This post is dedicated to the use-case where there are 2 different branches in a project. Typically one branch is for the source files, and one is for the generated output files for publishing. This use-case matches the way in which this website is currently hosted, via GitHub pages. Then the master branch is eventually published, whereas other branches remain in the repositories only.
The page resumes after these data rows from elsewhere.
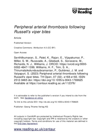 Senthilkumaran, S., Patel, K., Rajan, E., Vijayakumar, P., Miller, S. W., Rucavado, A., Gilabadi, S., Sonavane, M., Richards, N. J., Williams, J., Williams, H. F., Trim, S. A., Thirumalaikolundusubramanian, P., Gutiérrez, J. M. and Vaiyapuri, S. ORCID: https://orcid.org/0000-0002-6006-6517
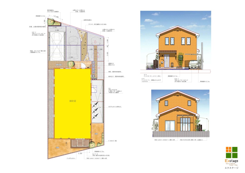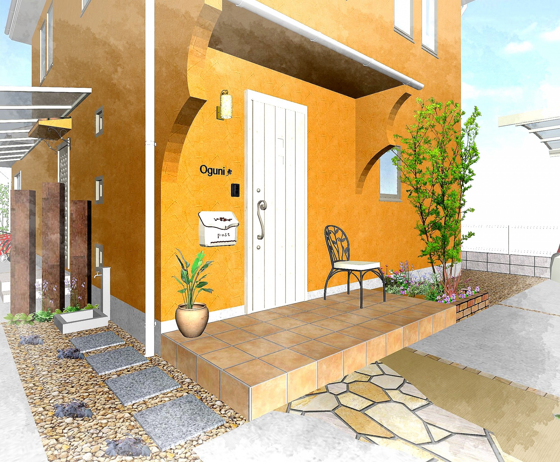 デザインパース集 黄色の外壁にポーチを取り付けたプラン 黄色い外壁が印象的なお客様のエクステリアプランです。 車の進入路の幅、来客時の駐車スペースを考慮して前面部分を固めることでご提案させて頂きました。 アプローチのデザインは石の豪華さと、カラーコンクリートの柔らかさが融合したイメージです。 門柱を設けず建物外壁に表札・ポストを取り付ける計画の為、スッキリとしています。 変形地のデッドスペースになっている部分を植栽スペースとすることで、より一層建物との一体感が出るエクステリアとなると考えます。
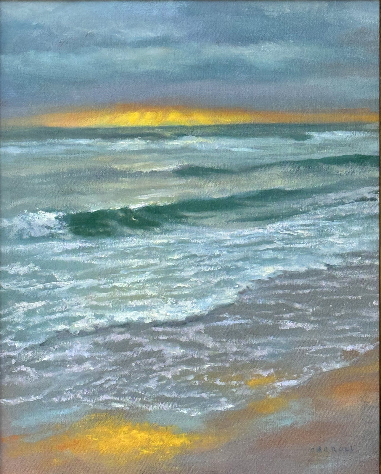 This painting was based on a photo Kat took at Lanai's Hulopo'e Bay...sometimes it just takes a sliver of sun to make a beautiful sunset!  "Golden Hour" found a home in Michigan thirty minutes after I signed it--I'm glad the guests were drawn to the scene as much as I was!
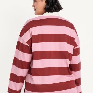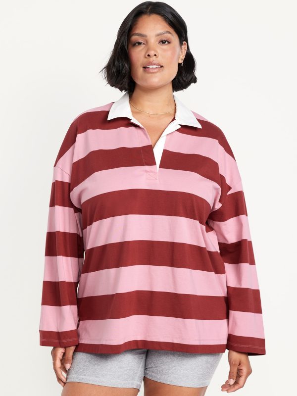 Oversized Rugby Polo: spread twill collar, long sleeves, wide contrasting stripes, #764298
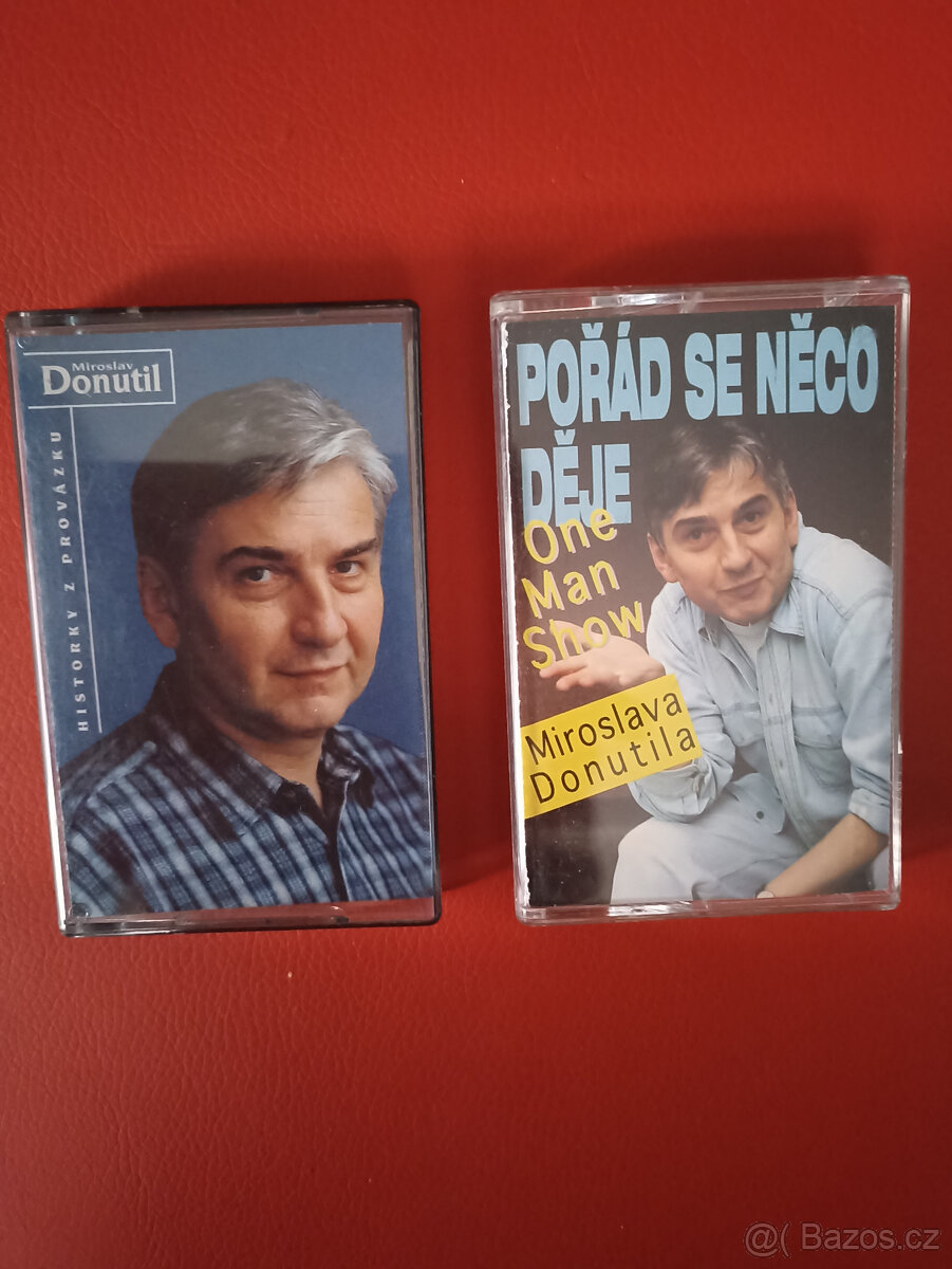 Dobrý den, nabízím k prodeji kazety s humorem Miroslava Donutila - Historky z Provázku, Pořád se něco děje. V perfektním stavu,zasílám dobírkou. Cena za 1 ks - 170 Kč, při koupi 2 ks cena 300 Kč.
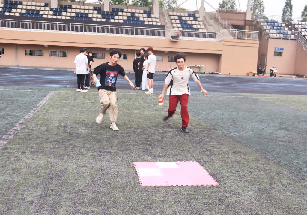 在最引人注目的趣味运动中,“竞速九宫格”趣味运动区成为全场焦点,方格状的地面上整齐摆放着三只彩色纸杯。随着哨声响起,参赛的两队同学如离弦之箭般快速冲刺,在九宫格间灵活穿梭,争分夺秒地调整纸杯位置,全神贯注地将三只纸杯摆成一条直线,率先完成的队伍将赢得这场充满速度与智慧的趣味比拼,围观人群不时爆发出阵阵笑声与欢呼声。
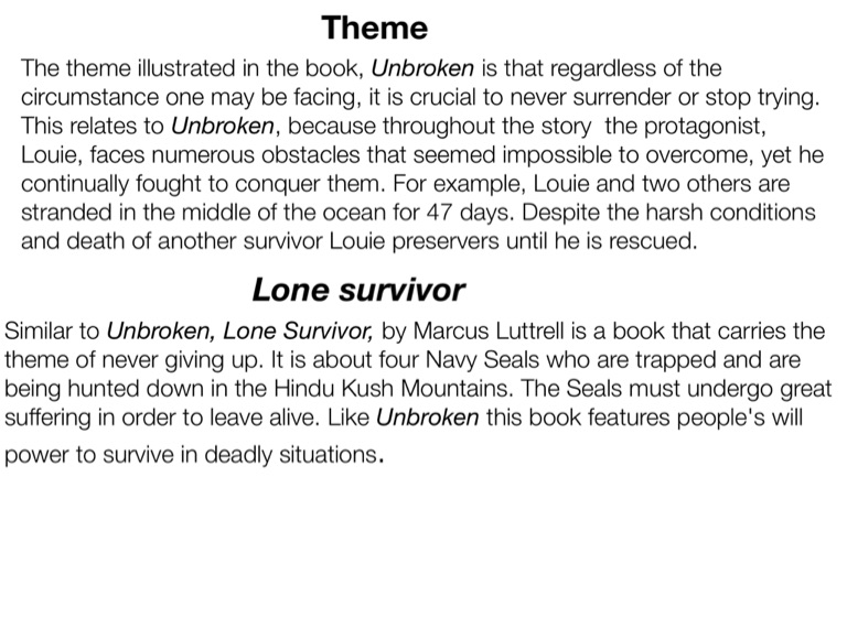 The theme illustrated in the book, Unbroken is that regardless of the circumstance one may be facing, it is crucial to never surrender or stop trying. This relates to Unbroken, because throughout the story the protagonist, Louie, faces numerous obstacles that seemed impossible to overcome, yet he continually fought to conquer them. For example, Louie and two others are stranded in the middle of the ocean for 47 days. Despite the harsh conditions and death of another survivor Louie preservers until he is rescued.
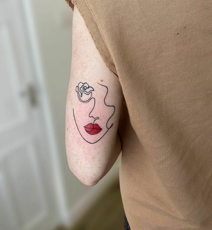 This is a rather cute cartoon-style tattoo where a one-lined face comes with a set of bright red lips as well as a small rose planted where one eye is supposed to be. This particular tattoo comes across as rather flirty and rather artistic and looks as if a certain fashion illustration came to inhabit the body of a tattoo that settled on the back of your hand. So if you’ve been considering a tattoo but haven’t taken the leap yet, consider this a little encouragement. This tattoo is small and intricate yet full of attitude, and since it’s located in a spot where the upper sleeve can cover it if needed, this is easily a tattoo that can be shared with the world or kept tucked away if that’s what makes you happy. It is one of those tattoos that will always encourage you to remember to keep things fun and fearless even on a plain old Tuesday. As a minimalist gal who appreciates artwork in general, as well as a gal who is looking for a simple yet interesting tattoo design, this is a great place to start—not to mention continue—the tattoo adventure of a lifetime.
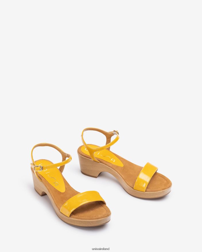 Shiny effect wrinkled leather sandals, in assorted colours, instep strap adjustable with buckle. Wood effect 5,5cm block heel with a 2cm platform. The favourite sandals for your street style looks.
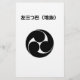 【ひだりみつともえ】巴紋/巴の左右は渦の巻き方ではなく、作図上から作られた合理的な名称なのでした。こうしたことは、上絵師ならすぐに判ることですが、一度も紋を作図したことのない先生はただ渦の巻く方向にだけ気を取られるのでしょう。しかし、上絵師でも咄嗟に巴の左右に迷うことがあります。そんなとき、上絵師はうまい口伝を思い出します。・・・まず左掌を握って手首を見ます。するとその形が左巴の形になっているのです。右掌を握れば、たちどころに右巴の形が現れるわけです。(泡坂妻夫著"家紋の話" P61)/この図案は、地抜き(摺込み)の仕様です。摺込みというのは・・作図して巴を切り抜いて型紙を作り・・この型紙を生地の上に置き、塗料を刷毛で摺込む、その技法からきた言葉です(泡坂妻夫著"卍の魔力、巴の呪力" P146参考)
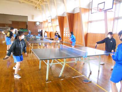 3月31日(金) 10:30 卓球部は、シングルスの試合を相手を代えながら、たくさん試合をしています。
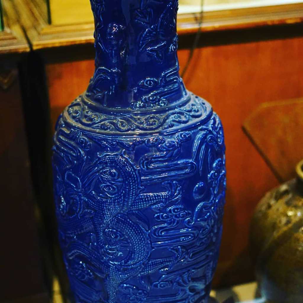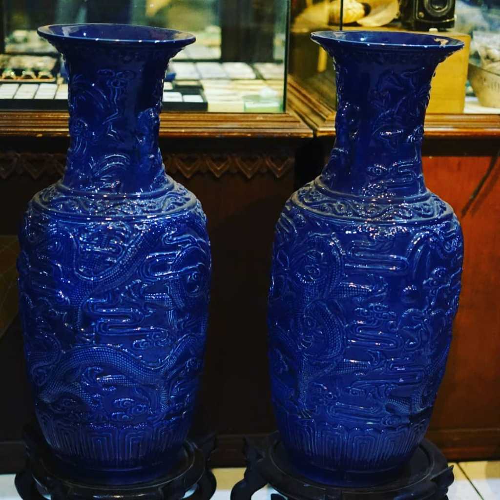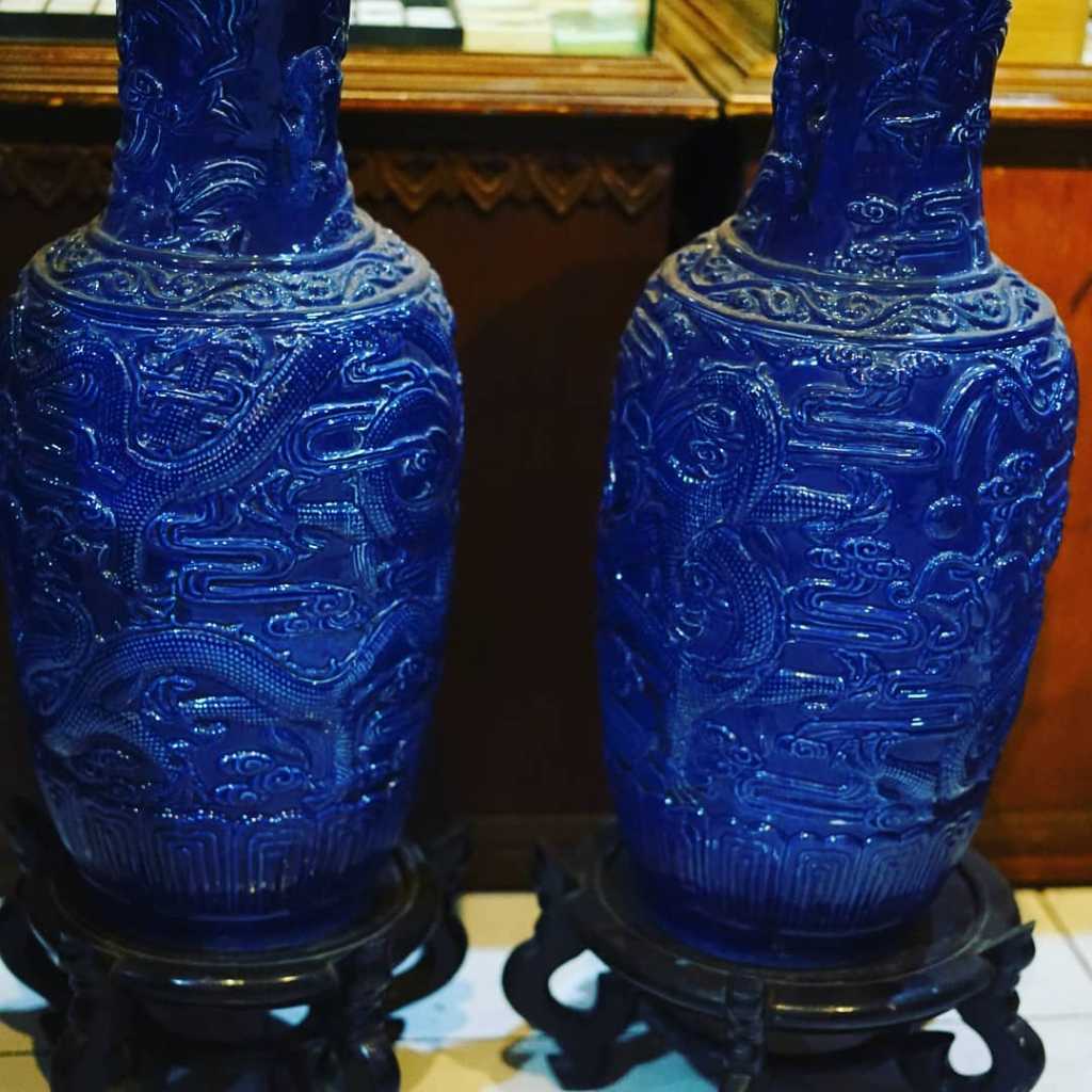 BLUE VASE//VASE BIRU UKIRAN TIMBUL, 1pair//Kondisi baik//Check

Typically generated websites have a dedicated distribution directory like dist in which the generated files end up. This use-case covers a different use-case where the generated .html files end up next to the .adoc source files.

Setup

Just some prepwork is needed to get this working.

Branches

We have two seperate branches, one for the source files src, and one for the generated output for publishing master. As there is little to no correlation between both branches, the --orphan option can be used during the git checkout to prevent branches from forcefully bing associated with each other.

Git branches
$ git branch -a
  master
* src
  remotes/origin/master
  remotes/origin/src

Gitignore

Part of the trick is not to ignore the output .html files in the src branch, to make it available for the git commands. The source .adoc files can be ignored from out of the master branch, but that is mainly to reduce the effect of those oops moments.

Doing the transfer dance

To successfully generate the output files and have them end up in the master branch we need to do a little dance. The actual transfer is being done via git stash.

From source to stash

If you are unexperienced with Git, just know you can always run git status to get an overview of the current state of the repository.
Checkout src branch
$ git checkout src
Generate output files
$ make html
asciidoctor index.adoc
asciidoctor posts/index.adoc
asciidoctor posts/2016-08-02-static-site-with-separate-source-branch.adoc
Put output files in stash
$ git add *.html **/*.html
From cached to stash
$ git stash

From stash to master

Checkout master branch
$ git checkout master
Remove previous generated files
$ git rm *.html **/*.html
Apply stash
$ git stash pop

The new and modified files are automatically added as staged in git, so making a commit will do.

Commit the new files
$ git commit -m "chore: site update"
If your use-case covers more or different files than the HTML files in this example, then replace the *.html **/*.html globbing patterns with different patterns that match your output files.